• [Work required]: Beginning with the first line below, output every record verbatim and leave out the images.

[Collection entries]
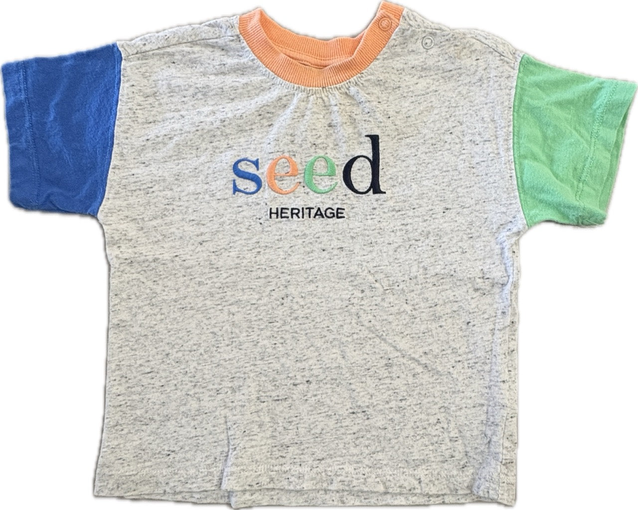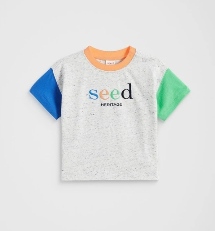Seed Heritage, Colourblock Logo Tee in Cloudy Marle, GFUC, Size 1 (12-18m)
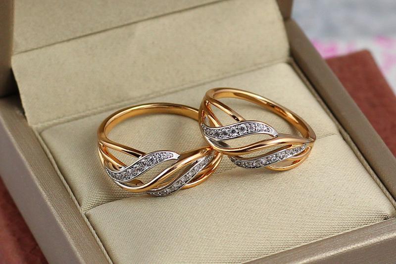 Кільце xuping jewelry з родієм поперечні хвилі р 18 золотисте
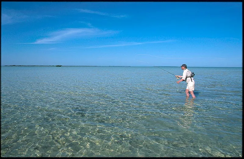 Kim on a typical flat under great conditions. The water is slightly riffled, but clear, the sky is blue and the sun aides greatly in spotting the fish in the shallow water. The flat stretches almost as far as the eye can see.
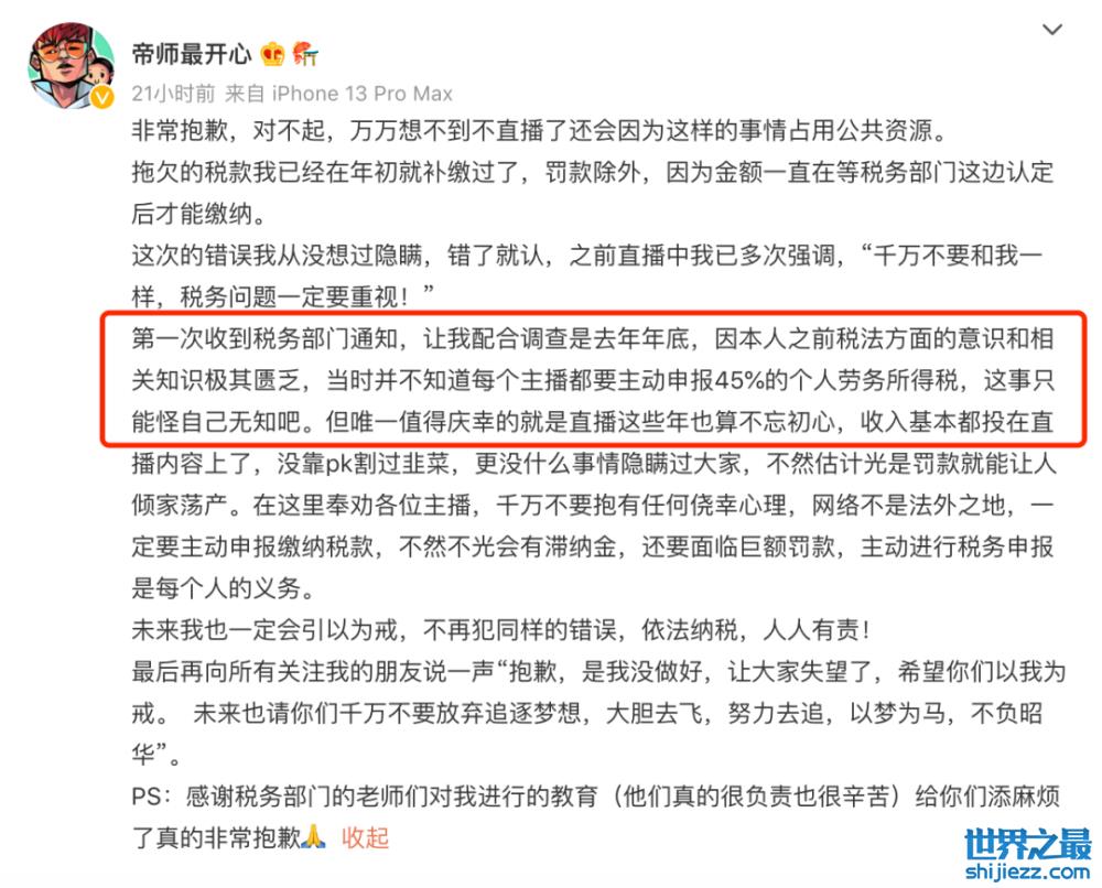事发后,帝师立马在微博进行公开道歉,并辩解称由于自己税法意识淡薄,及相关知识匮乏,如今才导致如此严重的后果。
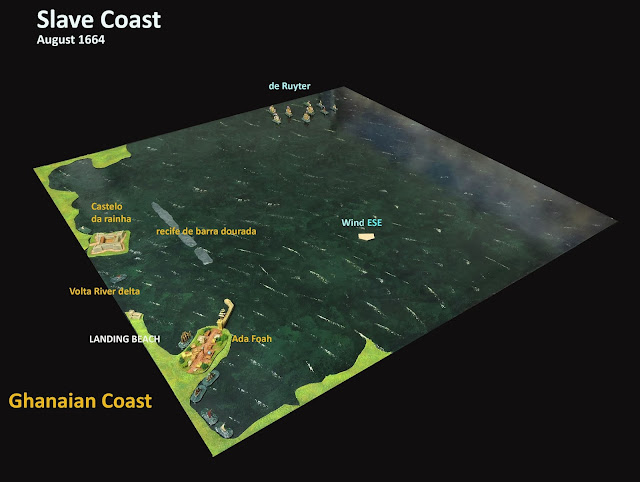 Admiral de Ruyter is still on foreign service. Following his outstanding triumph in freeing two VOC vessels from internment at the hands of the tax greedy English, he has moved on to a somewhat more challenging mission. The United Provinces want to consolidate their hold on the African slave and ivory trade. To do that, they want to destroy an Arab port at the mouth of the Volta river. OK so far however, there are a few impediments to commercial success namely.. a very large and well-gunned ex-Portuguese fort and the matter of several ship loads of angry Berber corsairs who fancy a Dutchmen between two slices of bread for lunch. Colin picked up the mitten as de Ruyter deputizing for Peter Douglas. He made a wonderful de Ruyter!
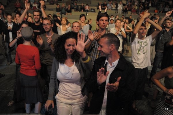 Het kostte hen dan ook niet veel tijd om het OLT aan het dansen te krijgen.In hun show gebruiken ze ook traditionele maskers dewelke in Ecuador gebruikt worden om de oogst riten te vieren dit geeft hun optreden een soms wat bizar tintje.
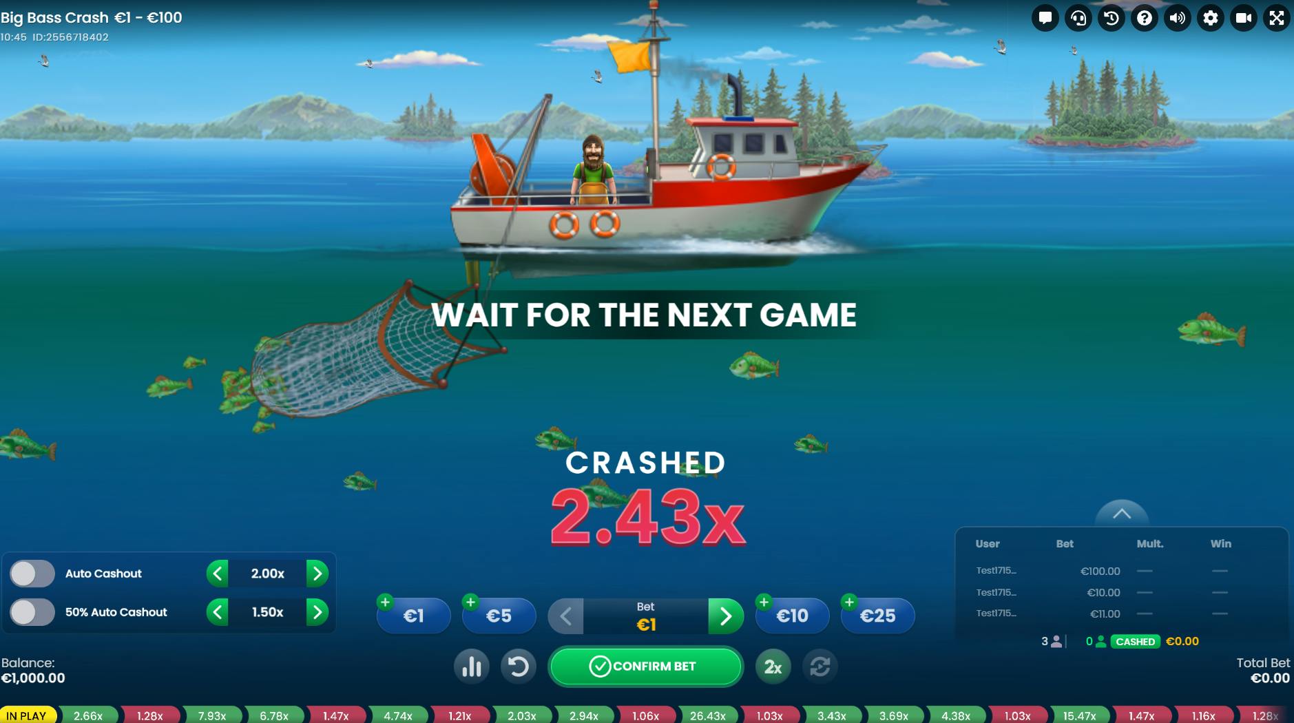 Per effettuare una partita a Big Bass Crash devi puntare minimo 1 €.
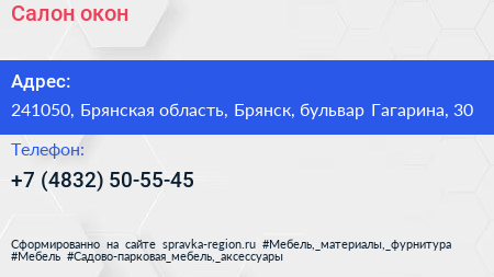 Салон окон по адресу 241050, Брянская область, Брянск, бульвар Гагарина, 30 в дальнейшем Организация, размещена в следующих категориях:
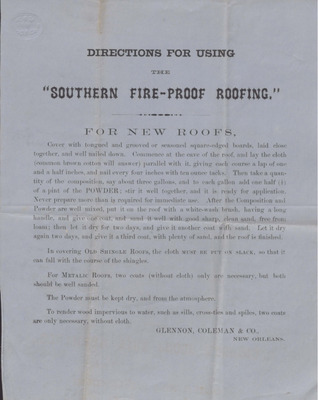 This sheet provides directions for new roofing methods with various roofing materials provided by Glennon, Coleman, and Co. in New Orleans, Louisiana.
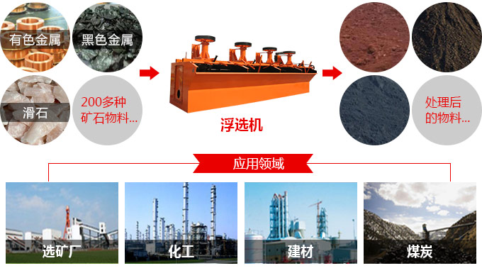 应用范围:主要用于选别铜、锌、铅、镍、金等有色金属,也可以用于黑色金属和非金属的粗选和精选。
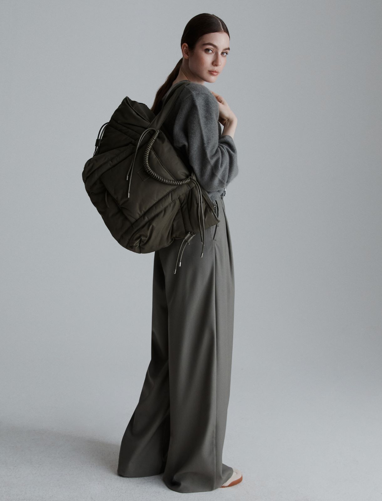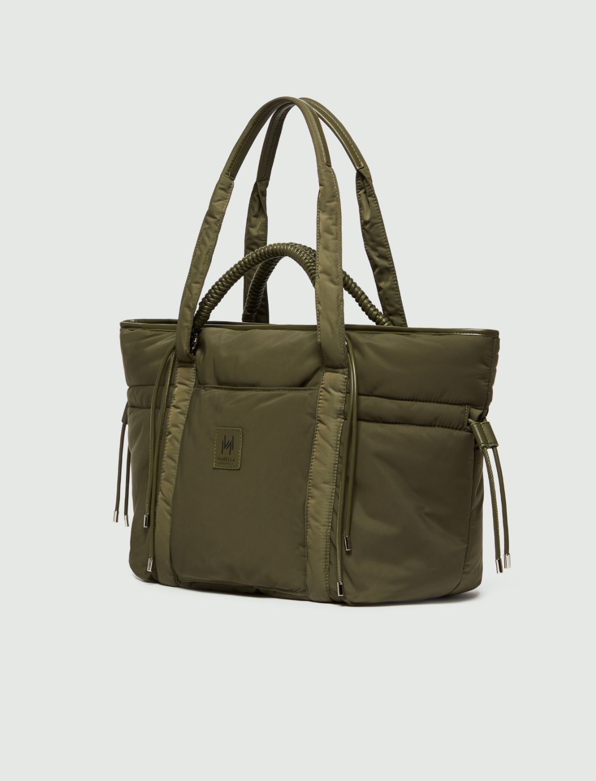Perfetta per un viaggio o per un fine settimana fuori porta, questa borsa in tessuto tecnico ha una leggera imbottitura che richiama i modelli più trendy. Con coulisse per un'ampiezza modulabile. Borsa in tessuto tecnico imbottito con tasca posteriore per trolley. Chiusura con zip e coulisse laterali. Tasca interna con zip e doppi manici per una portata a spalla o a mano. Logo M verniciato on tone ed etichetta applicata sul retro. Dimensioni: 42 x 20 x 34 cm
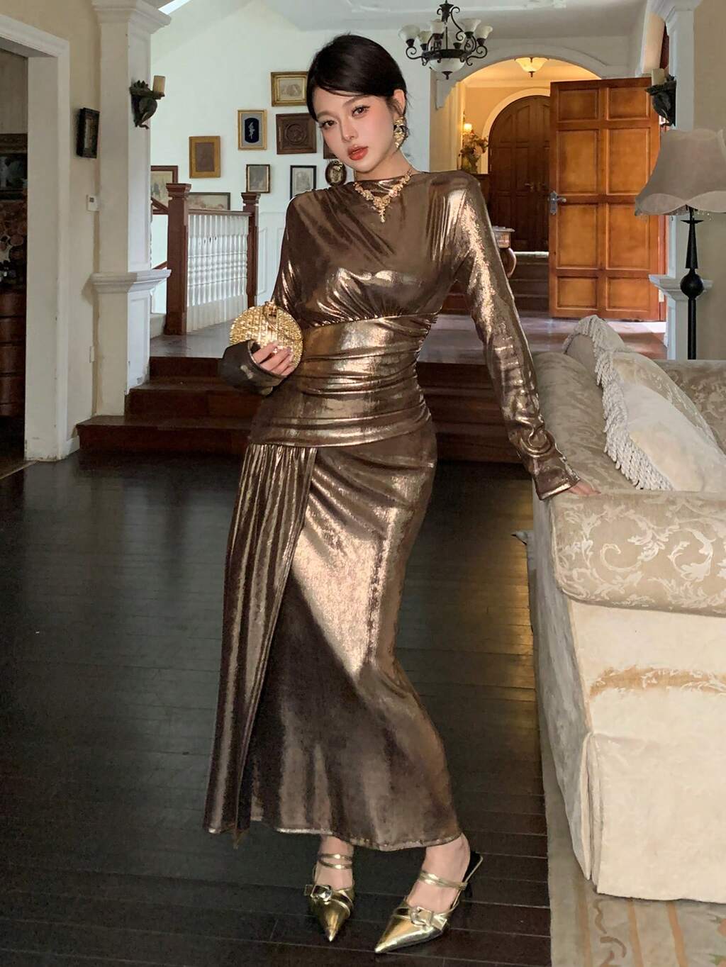 Women's Elegant Solid Color Glossy Pleated Mid-Length Dress, Autumn
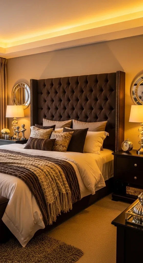 A dark brown upholstered headboard paired with creamy bedding and soft lighting creates a warm contrast. Wooden furniture, warm lamps, and textured throws enhance the comfort level.
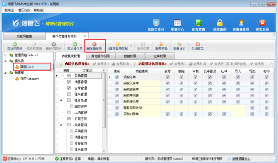 刪除操作員:選中已存在權(quán)限組下的操作員“李拓”,點(diǎn)擊“刪除操作員”按鈕。如下圖所示:
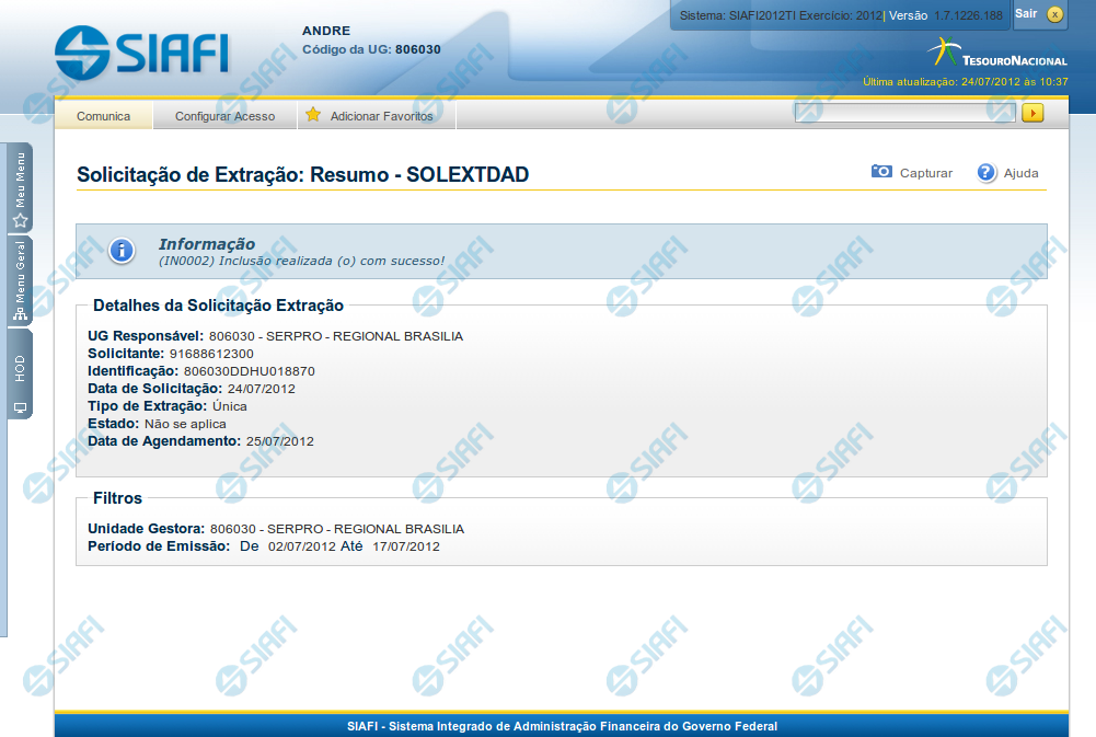 sobre o resultado do cadastramento da Solicitação de Extração de Dados.

• [Task result]:
Seed Heritage, Colourblock Logo Tee in Cloudy Marle, GFUC, Size 1 (12-18m)
 Кільце xuping jewelry з родієм поперечні хвилі р 18 золотисте
 Kim on a typical flat under great conditions. The water is slightly riffled, but clear, the sky is blue and the sun aides greatly in spotting the fish in the shallow water. The flat stretches almost as far as the eye can see.
事发后,帝师立马在微博进行公开道歉,并辩解称由于自己税法意识淡薄,及相关知识匮乏,如今才导致如此严重的后果。
 Admiral de Ruyter is still on foreign service. Following his outstanding triumph in freeing two VOC vessels from internment at the hands of the tax greedy English, he has moved on to a somewhat more challenging mission. The United Provinces want to consolidate their hold on the African slave and ivory trade. To do that, they want to destroy an Arab port at the mouth of the Volta river. OK so far however, there are a few impediments to commercial success namely.. a very large and well-gunned ex-Portuguese fort and the matter of several ship loads of angry Berber corsairs who fancy a Dutchmen between two slices of bread for lunch. Colin picked up the mitten as de Ruyter deputizing for Peter Douglas. He made a wonderful de Ruyter!
 Het kostte hen dan ook niet veel tijd om het OLT aan het dansen te krijgen.In hun show gebruiken ze ook traditionele maskers dewelke in Ecuador gebruikt worden om de oogst riten te vieren dit geeft hun optreden een soms wat bizar tintje.
 Per effettuare una partita a Big Bass Crash devi puntare minimo 1 €.
 Салон окон по адресу 241050, Брянская область, Брянск, бульвар Гагарина, 30 в дальнейшем Организация, размещена в следующих категориях:
 This sheet provides directions for new roofing methods with various roofing materials provided by Glennon, Coleman, and Co. in New Orleans, Louisiana.
 应用范围:主要用于选别铜、锌、铅、镍、金等有色金属,也可以用于黑色金属和非金属的粗选和精选。
Perfetta per un viaggio o per un fine settimana fuori porta, questa borsa in tessuto tecnico ha una leggera imbottitura che richiama i modelli più trendy. Con coulisse per un'ampiezza modulabile. Borsa in tessuto tecnico imbottito con tasca posteriore per trolley. Chiusura con zip e coulisse laterali. Tasca interna con zip e doppi manici per una portata a spalla o a mano. Logo M verniciato on tone ed etichetta applicata sul retro. Dimensioni: 42 x 20 x 34 cm
 Women's Elegant Solid Color Glossy Pleated Mid-Length Dress, Autumn
 A dark brown upholstered headboard paired with creamy bedding and soft lighting creates a warm contrast. Wooden furniture, warm lamps, and textured throws enhance the comfort level.
 刪除操作員:選中已存在權(quán)限組下的操作員“李拓”,點(diǎn)擊“刪除操作員”按鈕。如下圖所示:
 sobre o resultado do cadastramento da Solicitação de Extração de Dados.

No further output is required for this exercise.